Сен-Сир, отступив на шаг, внимательно вглядывался в Мартина. Сигара у него во рту медленно задралась кверху. Губы режиссёра растянула злобная усмешка.
Он потряс пальцем у самых трепещущих ноздрей драматурга.
– А, – сказал он, – к вечеру пошли другие песни, э? Днём ты был пьян! Теперь я всё понял. Черпаешь храбрость в бутылке, как тут выражаются?
– Чепуха, – возразил Мартин, вдохновляясь взглядом, который бросила на него Эрика. – Кто это сказал? Всё – ваши выдумки! О чём, собственно, речь?
– Что вы делали за занавеской? – спросил Уотт.
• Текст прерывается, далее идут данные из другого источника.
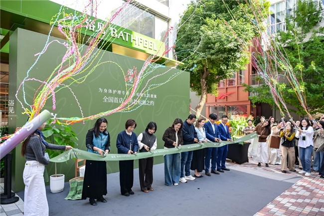 上午10点半,浴见品牌创始人李励女士、联合创始人王鸣、贝泰妮集团投资方代表等特邀嘉宾共同手持金剪,为这个名为「一个人的自由浴室」的空间剪彩。这不仅是一场开业仪式,更是对十年线上情谊的实体回应,也是品牌从产品到场景、从功能到感受的战略性升维。

– Я вообще не был за занавеской, – доблестно объявил Мартин. – Это вы были за занавеской, вы все. А я был перед занавеской. Разве я виноват, что вы все укрылись за занавеской в библиотеке, точно… точно заговорщики?
Последнее слово было выбрано очень неудачно – в глазах Мартина вновь вспыхнул ужас.
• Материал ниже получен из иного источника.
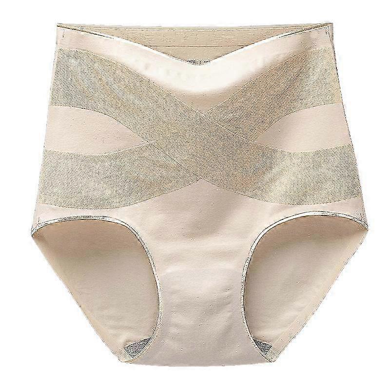 Seamless Women Cotton Panties High Waist Cross Tummy Control Underwear Girls Briefs Breathable Solid Color Underpants 25-26

– Да, как заговорщики, – продолжал он нервно. – Вы думали, я ничего не знаю, а? А я всё знаю! Вы тут все убийцы и плетёте злодейские интриги. Вот, значит, где ваше логово! Всю ночь вы, наёмные псы, гнались за мной по пятам, словно за раненым карибу, стараясь…
– Нам пора, – с отчаянием сказала Эрика. – Мы и так еле-еле успеем поймать последнего кари… то есть последний самолёт на восток.
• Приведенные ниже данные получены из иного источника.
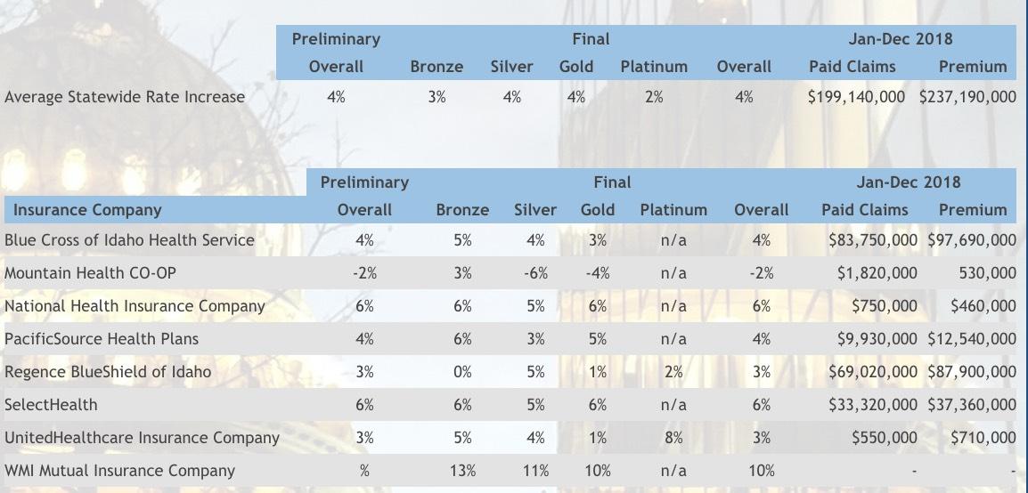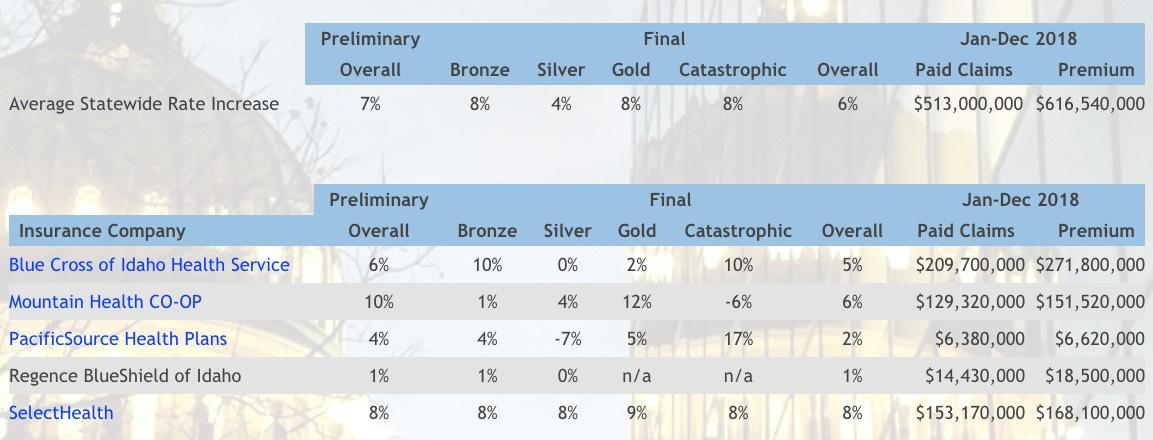 Idaho: *Final* avg. 2020 ACA rate changes: 6.0% increase

Она протянула руку к документу, но Уотт вдруг спрятал его в карман и повернулся к Мартину.
– Вы дадите нам исключительное право на вашу следующую пьесу? – спросил он.
– Конечно, даст! – загремел Сен-Сир, опытным взглядом оценив напускную браваду Мартина. – И в суд ты на меня не подашь, не то я тебя вздую как следует. Так мы делали в Миксо-Лидии. Собственно говоря, Мартин, вы вовсе и не хотите расторгать свой контракт. Это чистое недоразумение. Я сделаю из вас сен-сировского сценариста, и всё будет хорошо. Вот так. Сейчас вы попросите Толливера разорвать эту бумажонку. Верно?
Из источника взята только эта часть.